### Exercise material
________________

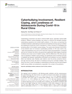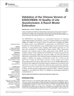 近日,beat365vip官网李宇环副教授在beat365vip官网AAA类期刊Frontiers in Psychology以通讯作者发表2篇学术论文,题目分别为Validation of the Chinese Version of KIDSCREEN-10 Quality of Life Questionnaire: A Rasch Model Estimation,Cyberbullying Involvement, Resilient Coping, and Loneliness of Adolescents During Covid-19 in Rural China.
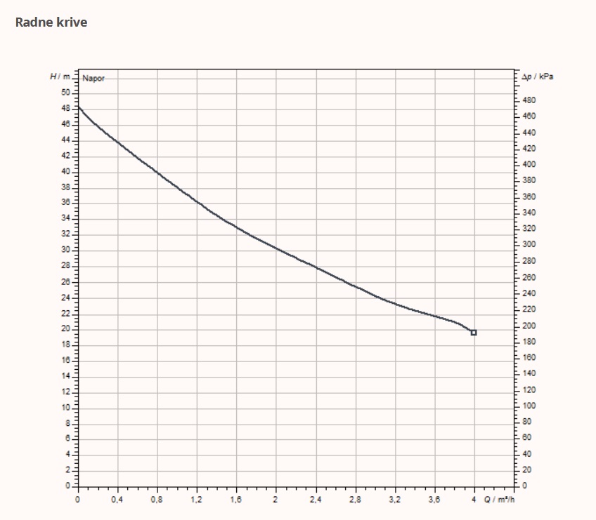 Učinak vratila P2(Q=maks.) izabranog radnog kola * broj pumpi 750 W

________________

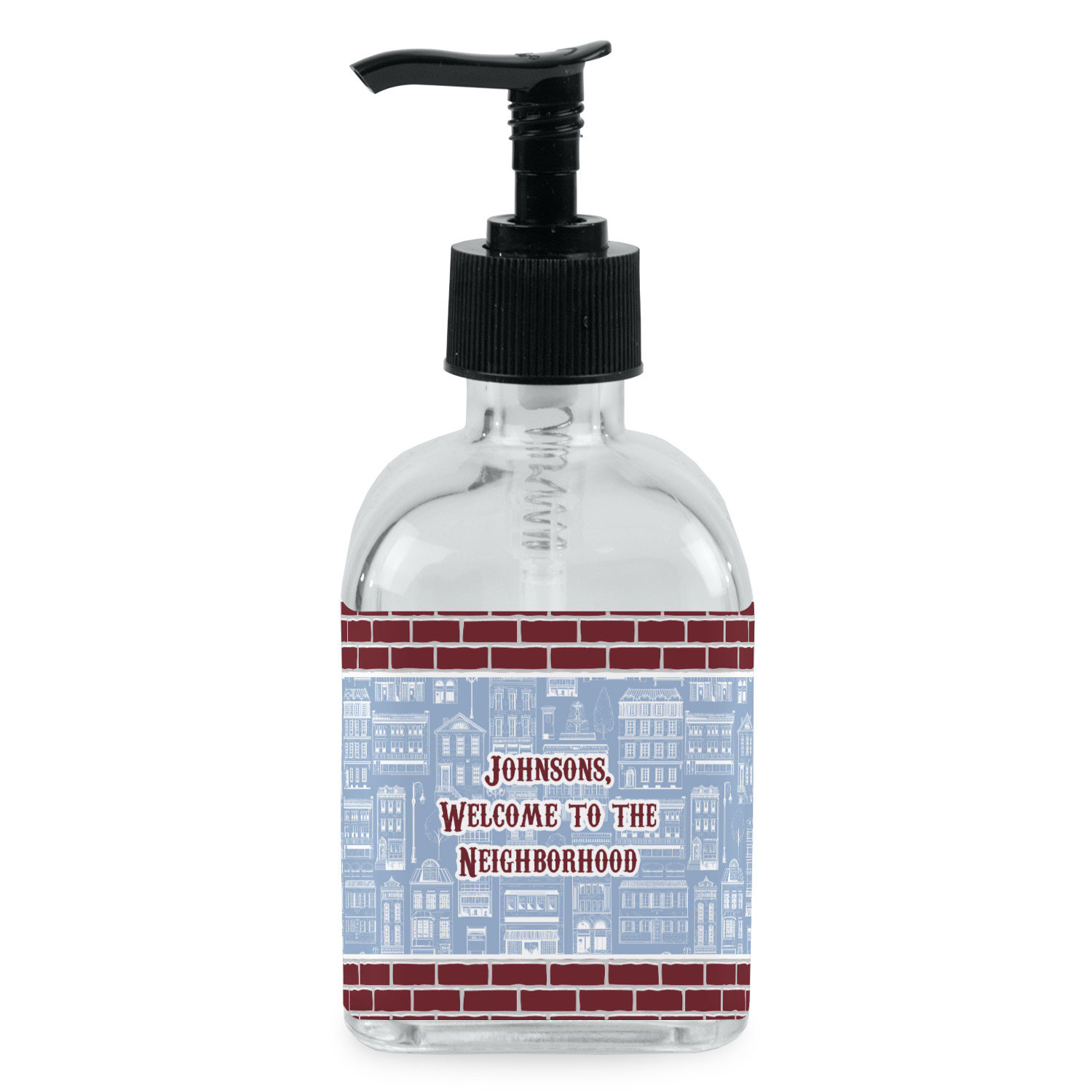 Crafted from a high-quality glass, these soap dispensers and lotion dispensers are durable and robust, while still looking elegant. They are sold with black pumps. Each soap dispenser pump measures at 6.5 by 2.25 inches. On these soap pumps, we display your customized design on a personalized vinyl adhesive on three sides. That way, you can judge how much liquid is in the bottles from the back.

________________

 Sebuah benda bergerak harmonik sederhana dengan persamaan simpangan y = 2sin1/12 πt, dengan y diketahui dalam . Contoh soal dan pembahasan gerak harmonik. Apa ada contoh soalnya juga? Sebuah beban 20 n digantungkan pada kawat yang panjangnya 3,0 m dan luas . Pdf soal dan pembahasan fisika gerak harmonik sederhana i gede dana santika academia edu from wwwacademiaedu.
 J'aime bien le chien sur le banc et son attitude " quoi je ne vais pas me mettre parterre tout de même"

________________

### How to complete this task
Using the data above, output the line that has "in Rural China.", the line that has "Učinak vratila P2(Q=maks.)", and whatever lines fall between, each exactly as it stands and without pictures.

### Problem solution
 近日,beat365vip官网李宇环副教授在beat365vip官网AAA类期刊Frontiers in Psychology以通讯作者发表2篇学术论文,题目分别为Validation of the Chinese Version of KIDSCREEN-10 Quality of Life Questionnaire: A Rasch Model Estimation,Cyberbullying Involvement, Resilient Coping, and Loneliness of Adolescents During Covid-19 in Rural China.
 Učinak vratila P2(Q=maks.) izabranog radnog kola * broj pumpi 750 W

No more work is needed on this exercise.